Nonostante gli sforzi (direi quasi l’accanimento politico-mediatico) profusi negli ultimi venti anni per accendere i riflettori sulla Calabria come meta turistica, la nostra regione è riuscita a scamparla anche quest’anno. L’assalto non c’è stato, il territorio ne è uscito indenne. Le strade, i ristoranti, i lidi, le spiagge semideserte sono lì a testimoniare il fallimento dell’ennesimo tentativo d’industrializzazione forzata del comparto. Lei osserva distaccata e sorride. Sembra quasi predersi gioco di questi novelli profeti della modernità che pensano di poterla governare osservandola sulle mappe geografiche e di poterla plasmare a proprio uso e consumo, costringendola a prostituirsi culturalmente e mediaticamente attraverso questa o quella kermesse, questo o quel testimonial. Lei li osserva come gli indigeni osservavano i colonialisti appena sbarcati su un territorio a loro sconosciuto ed estraneo, ignari dei rischi che li attendevano.
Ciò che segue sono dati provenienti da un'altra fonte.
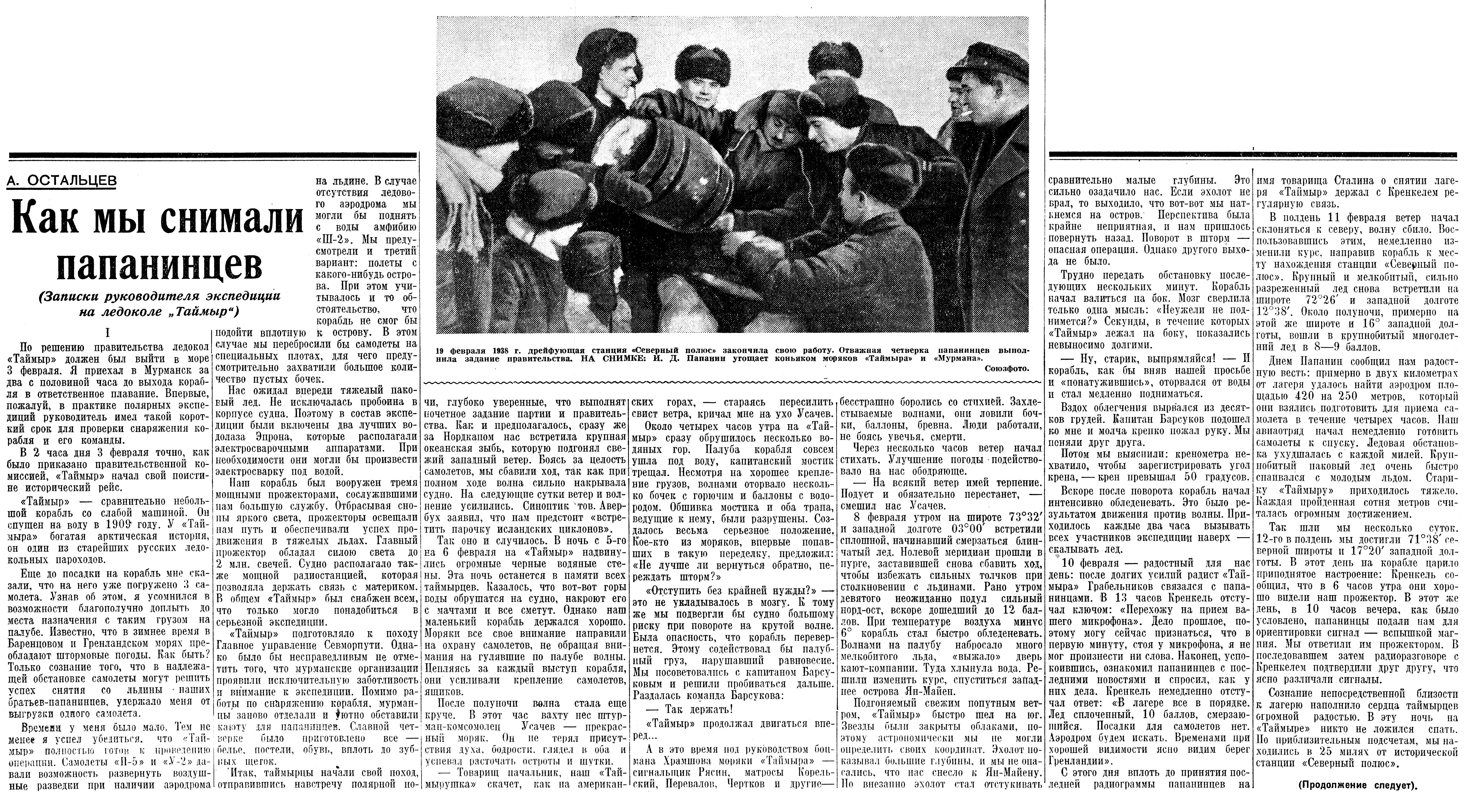 Отважные руководители экспедиций на ледоколах. №43 // Советская Сибирь : Газета. — Новосибирск: Советская Сибирь, 22 февраля 1938.

Se sono arrivata fin qui indenne, se ho resistito per secoli ai terremoti, ai tentativi di unificazione, all’industrializzazione forzata, all’omologazione consumistica, pensate che non possa resistere alla narrazione falsa ed edulcorata che state tentando di attribuirmi da alcuni anni a questa parte? Sembra rispondere a chi si stupisce del suo immobilismo. Ma sta proprio qui il suo valore, nella sua capacità di resistere alle forze idiote della modernità, è questa capacità che l’ha preservata fino ad oggi e che potrà preservarla anche domani in attesa che qualche nuova saggezza riemerga dal caos della stupidità. Solo il silenzio e l’oblio, infatti, potranno riconsegnarla integra alle generazioni (ci auguriamo più consapevoli) che verranno.
La farsa del turismo in Calabria è andata in scena anche quest’anno ma non ha sortito alcun effetto, se non quello di confermare di essere appunto una farsa. L’arrivo degli emigrati da fuori e lo spostamento dei residenti che vanno in ferie crea ogni anno questa illusione. Non può esserci destagionalizzazione se la nostra vita è programmata in questo modo, se facciamo tutti le stesse cose negli stessi giorni, se la nostra esistenza è priva di un pizzico di romanticismo e di curiosità.
Il fenomeno turistico nella nostra regione assomiglia sempre di più agli avvistamenti del mostro di Loch Ness, c’è sempre qualcuno che giura di averlo visto ma quando vai a verificare di persona devi accontentarti di intravedere uno specchio d’acqua in mezzo alla nebbia e continuare a credere che un giorno potrebbe spuntare. E’ questa illusione a convincere ancora molta gente a investire (con i soldi dello stato ovviamente) nella realizzazione di b&b, ristoranti e lidi che funzionano per quindici giorni all’anno e che vengono gestiti tirando a campare tra lavoratori in nero e allacci abusivi. Il miraggio è lì, potenzialmente a portata di mano, ma ogni volta all’arrivo della stagione scompare, in attesa del prossimo avvistamento.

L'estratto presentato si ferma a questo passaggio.